The point I always like to make to a store owner trying to decide on the issue of a stock sale or asset sale is that your increased tax liability from an asset sale will usually be larger than the tax savings your buyer will get to enjoy from the same asset purchase transaction. A stock certificate sale usually results in the lowest total amount of tax being paid to the government and the most cash left in the bank accounts of both buyer and seller. Personally I think it's only fair (if you choose the stock sale method) to negotiate a small adjustment down in your selling price to reflect the future tax burden of your buyer.

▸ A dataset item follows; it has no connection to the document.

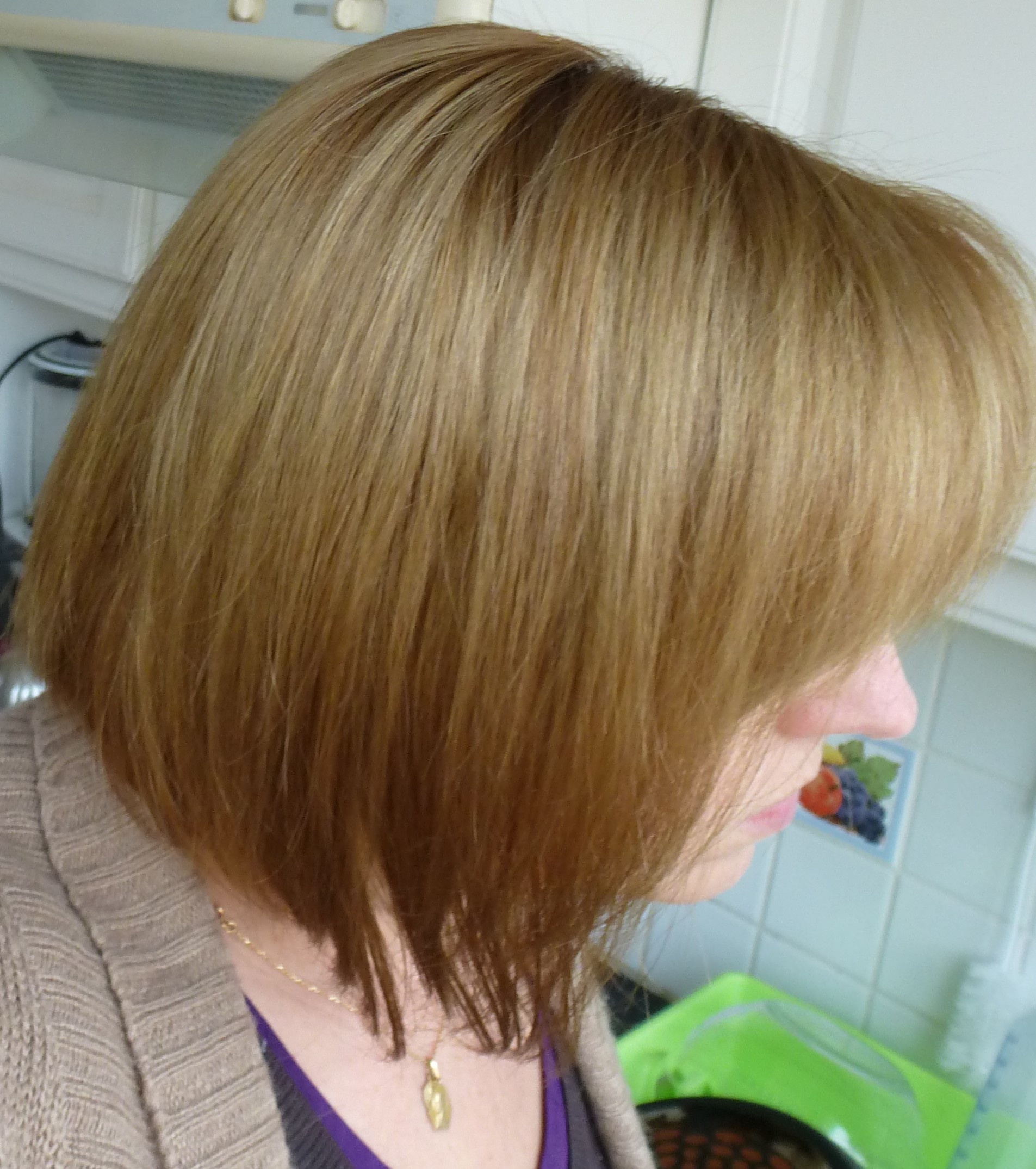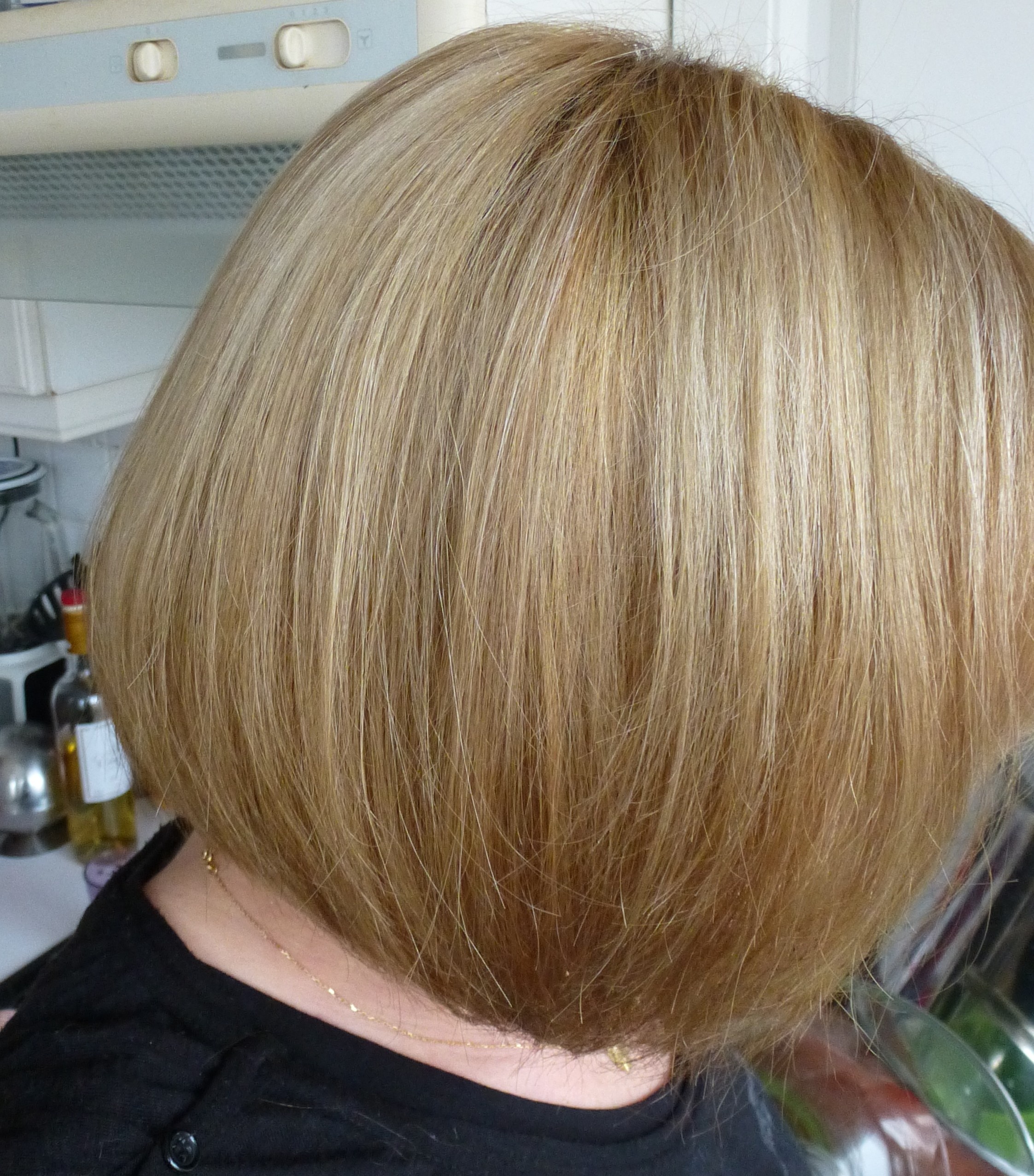 j' ai donc fait une coloration l'oreal excellence blond foncé que j' ai trouvé bêtement en supermarché , et le resultat est vraiment tres tres terne , a la lumiere du jour ca passe, mais a l interieur ca fait limite grisatre verdatre ( voir photo )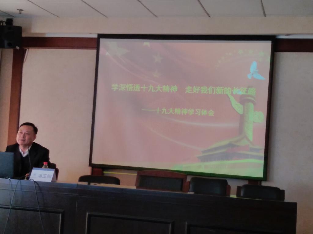 2017年11月22日,校党委委员、宣传部长潘玉驹受邀莅临我院作十九大精神辅导报告,潘部长做了《学深悟透十九大精神,走好我们新的长征路》的专题报告。会议由学院党总支书记郑彩莲主持,学院全体教工聆听了报告。

If your business is a sole proprietorship, a partnership or an LLC, each of the assets sold with the business is treated separately. The taxable amount from the value allocation of the asset is the "recaptured depreciation" or your profit gain. The taxable amount is the difference between what you sell the asset for and the book value of that asset as it is listed on your balance sheet. Depending on the length of time you have owned the asset, you may be entitled to the lower tax rate of long-term capital gains. Certain assets are not eligible for capital gain treatment, and any gains you get from the sale of those assets are treated as ordinary income and taxed at your personal income tax rate.
Selling your business for the most you can get, and at the same time limiting the tax liability associated with the sale, will always be a give-and-take negotiation.

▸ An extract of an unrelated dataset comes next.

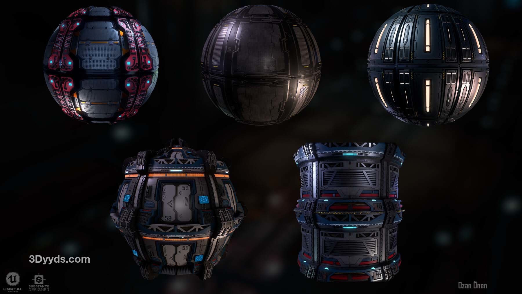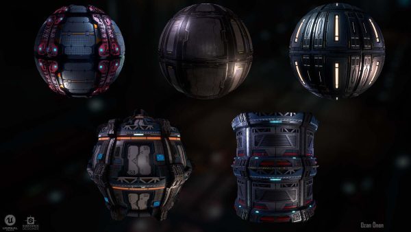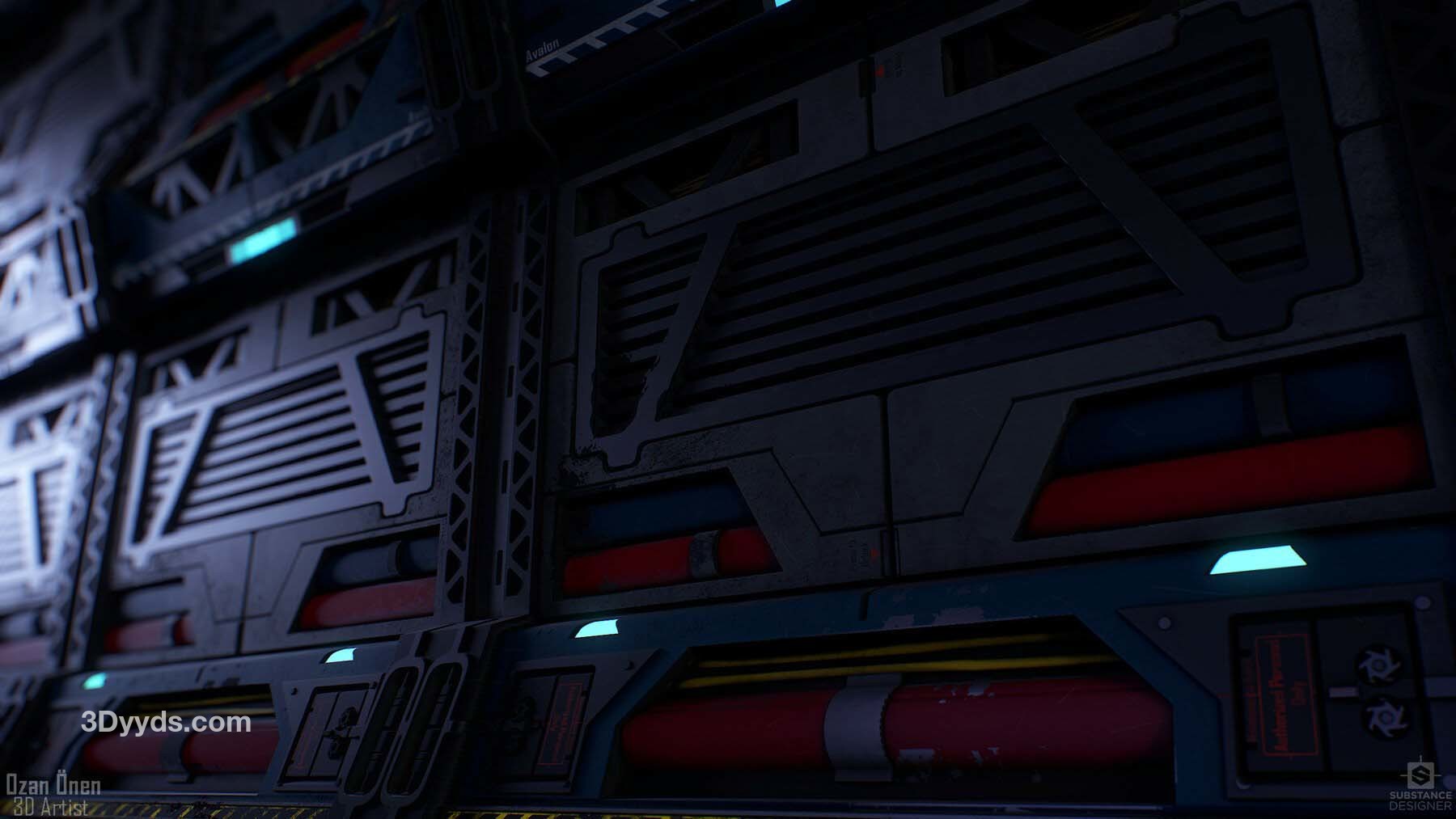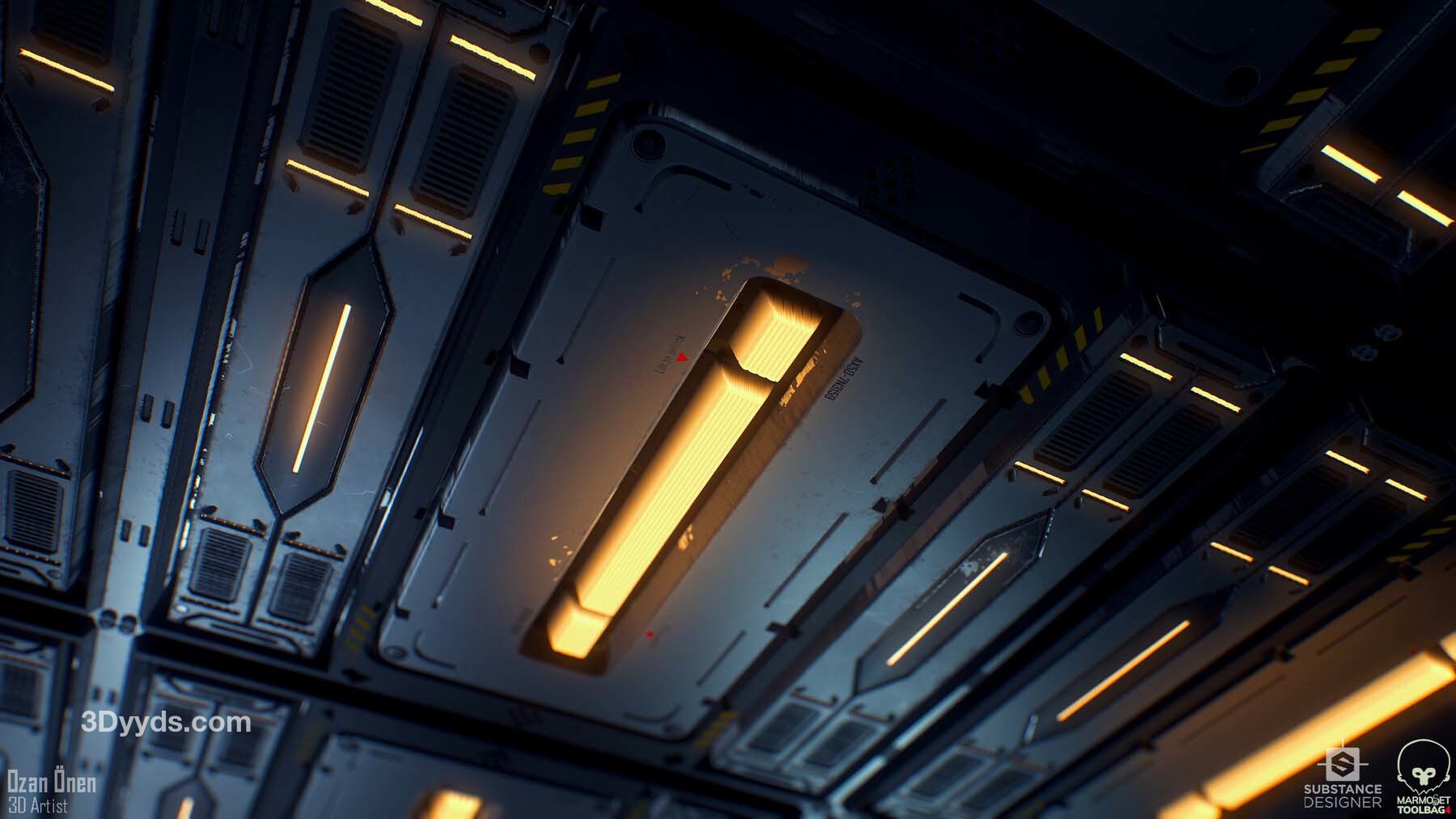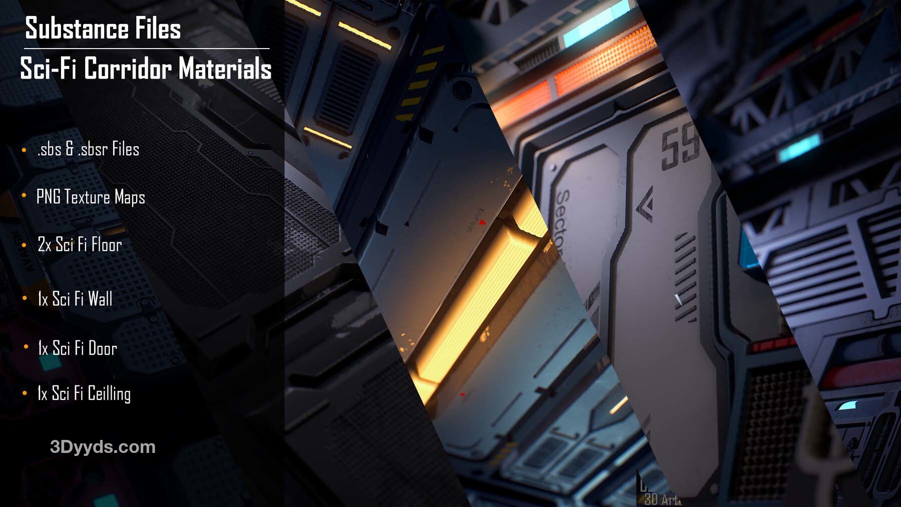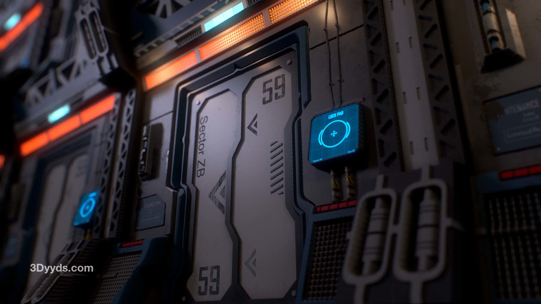 包含在 “Sci-Fi Corridor” 场景中创建和使用的所有 5 个 Substance Designer 材质,这些材质是在 Unreal Engine 中制作的

Please note that this information on the tax aspects of selling a parts store is a very broad overview, and covers only federal tax issues. For more detailed information and accurate advice pertaining to your individual situation and information about your potential state and local tax liability, consult your tax advisor.
I hope these four articles have been informative and beneficial to readers. Selling a business is no small undertaking and you should not do it without sound business advice, planning and forethought. If you are thinking about selling, get busy now to add value to your store before the sale.
There are number of things that you can do to improve your store's appeal to buyers before the sale. Since cash is king, the most essential step you'll want to take is to clean up your income statement (P&L). Basically, this means doing whatever it takes to increase your EBIT (earnings before interest and taxes). This may mean something as simple stopping price overrides thus increasing your gross profit, hiring a salesperson on a commission basis, going out and visiting customers and explaining why your store should be first call on one additional product line, keeping your store open an extra five hours per week to generate more sales, and taking a hard look at all your expenses to see whether you can reduce any of them.
I hope these four articles have been informative and beneficial to readers. The Auto part industry is a great business for existing owners and new entrepreneurs who want to own their own small business.